Это эстеты из «Аполлона», это утонченные знатоки и любители российской словесности брезгливо морщились от величавой и голой бабы Венеры. Они же зажимают нос от революции. Говорить такие пошлые, первобытные слова, как – «героизм» – «братство народов» – «самоотвержение» – «убит на посту»! Ах, да не только говорить, но и делать все эти грубо-прекрасные вещи, от которых у человека с хорошо воспитанным вкусом сосание под ложечкой начинается! Вот примеры: стайка кораблей, несколько десятков обшитых в железо барж и буксиров, двадцать тысяч кронштадтской и черноморской матросни, составляющей ее команды. Чтобы драться три года, чтобы с огнем пройти тысячи верст от Балтики до персидской границы, чтобы жрать хлеб с соломой, умирать, гнить и трястись в лихорадке на грязных койках, в нищих вошных госпиталях; чтобы победить, наконец победить, сильнейшего своего, втрое сильнейшего противника, при помощи расстрелянных пушек, аэропланов, которые каждый день валились и разбивались вдребезги из-за скверного бензина, и еще получая из тыла голые, голодные, злые письма… Надо было иметь порывы, – как вы думаете? Надо было изобрести слова, которые побеждают прирожденную, неизбежную трусость мяса, своей крови, своей тонкой человечьей кожи, которую легко проткнуть любым ржавым гвоздем?
Красная вода так легко вытекает, и все кончено. Надо было видеть за кровью и грязью, за томительными столами Соцобеза, который даже вот резиновой не даст за свою, оторванную, который по приемным и прихожим измает бабу, если завтра его, матроса миноносца «Карл Либкнехт», имеющего красное знамя, разольет и размажет в кашу на грохнувшей под снарядом палубе. А умирать? Без поповского бога и черта, которые все вывелись от революции, без всей утешительной лжи. Только успеет сказать «мои сапоги – тебе» и перестает быть.

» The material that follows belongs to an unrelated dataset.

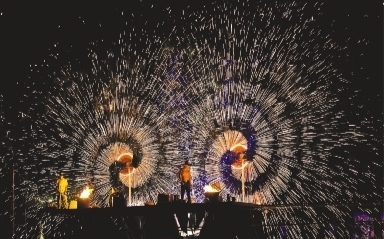 一勺勺滾燙的鐵水在演出人員的擊打下,化作漫天“鐵花雨”,在夜空中綻放,似漫天繁星,若火樹銀花,游客的歡呼聲不絕于耳。打鐵花,是國家級非物質文化遺產,至今已有千余年歷史。這是葫蘆古鎮夜場新引進的旅游項目。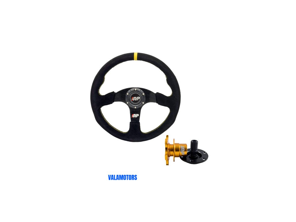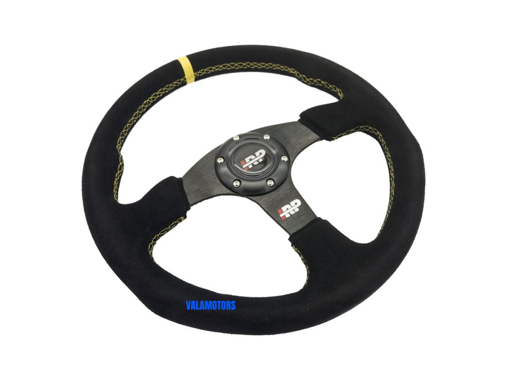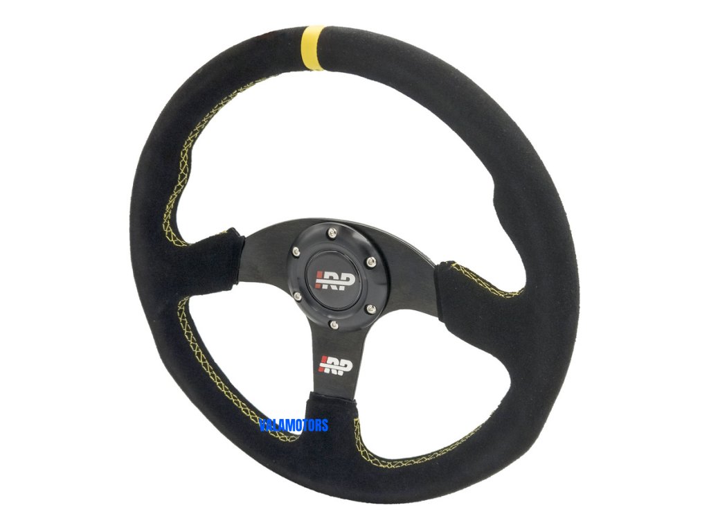 Sportovní semišový volant 350 mm plochý IRP Vysoce kvalitní semišový volant IRP Průměr: 350 mm Offset: plochý Okraj: oválný Počet ramen: 3 Hmotnost: 1100 g Materiál: semiš Ozdoba: Žlutá nit Barva ramen: černá Vysoce kvalitní semišový volant IRP je produkt pro nejnáročnější nadšence motoristického sportu. Volant je vyroben z vysoce kvalitního hliníku s potahem semišové kůže. Je navržen pro zlepšení ovladatelnosti. Průměr volantu je 350 mm, což zajišťuje vynikající kontrolu nad vozidlem. Dvě přídavné výstupky zlepšují komfort řízení.

Что это, красота или нет, когда в упор из засады по кораблю бьет батарея, и командир с мостика кричит обезумевшим людям. Так кричит, что они свой живот отклеивают от палубы, встают и бегут к орудиям. «Приказываю вам именем Республики – кормовое, беглый огонь» – и кормовое стреляет.
И творчество тоже есть – наше, а не буржуазное. Вот, надо было подорвать несколько особенно сильных кораблей снабженного англичанами, великолепно вооруженного белого флота. И никому не ведомый инженер-коммунист Бржезинский изобретает гениальную вещь: под килем обыкновенной парусной шлюпки устраивает минный аппарат, вооружает таким образом целую серию парусников. Конечно, находятся люди, готовые взять на себя это отчаянное дело. Покушение не удается только благодаря предательству мальчика-рыбака. Тов. Попов (очень старый коммунист) погиб. Больше не видали его длинного сюртука, светлых обмоток и белого веселого шпица – собаки, бегавшей за ним и в ЧК и в штаб флота, – погиб изумительно, под пыткой ничего не сказал. Революционная психология или нет?

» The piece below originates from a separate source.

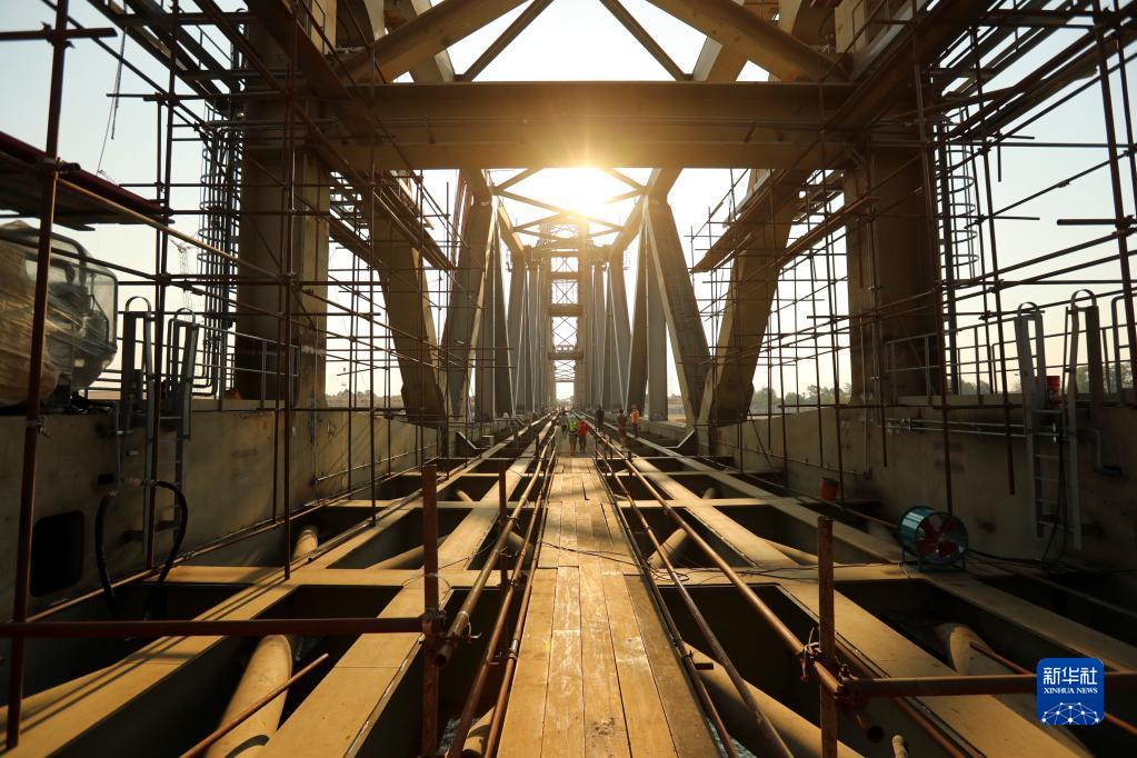 在埃及伊斯梅利亚省,由中企承建的苏伊士运河铁路桥旧桥改造升级项目主体结构近日完工。目前施工人员正抓紧收尾,以确保早日交付埃方。

Эту книгу посвящаю рабфакам. Пусть ругаются, пусть у них поперек горла застрянет иное еретическое слово.
– «Любили».
– «Прекрасно умер».
– «Психологизм».
Но пусть дочтут до конца о том, как это было, от Казани до Энзели. Как шумели победы, как кровью истекали поражения. На Волге, Каме и Каспийском море во время Великой русской революции. Всё.
Автор
Город еще не взят, но поражение решено. Хлопают двери покидаемых комнат – везде на полах бумаги, брошенные, разрозненные вещи.

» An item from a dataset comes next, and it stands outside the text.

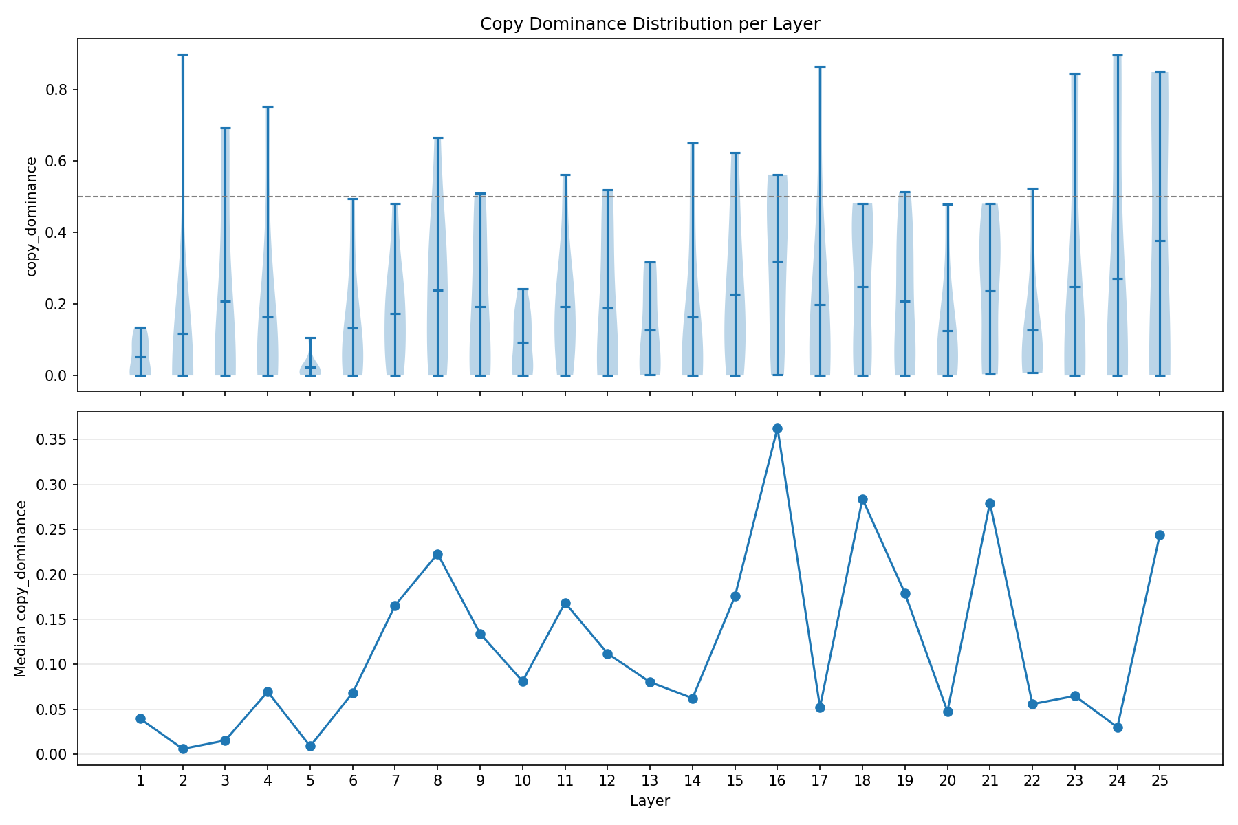 Copy dominance remains low on average (mean 0.186), but the more informative pattern is the upper tail: the strongest copy head is the early outlier L2H2 (0.897), while a secondary cluster of near-copy heads appears in L23–L25. The distribution by layer is shown in Figure 7.

Нет хуже отступления. Изо всех углов появляются лица неприметных соседей, не бывшие в течение многих месяцев.
Какие-то пуговицы с потертым блеском, нечто похожее на кокарду, даже на орденскую ленточку, – но это все еще под спудом, в полумраке опустошенных бегством коридоров, не смеющих крикнуть свое трусливое и бешеное «ату его», «ату»! Перед крыльцом – смутный очерк батареи, пыльные, сжатые и злые лица, резкие окрики, – где-то по мостовой грохочут колеса, стучит конница. Готовится последнее сопротивление. Окна дребезжат от несущихся мимо грузовиков – их шумное бегство убивает последнюю надежду, от них страшно.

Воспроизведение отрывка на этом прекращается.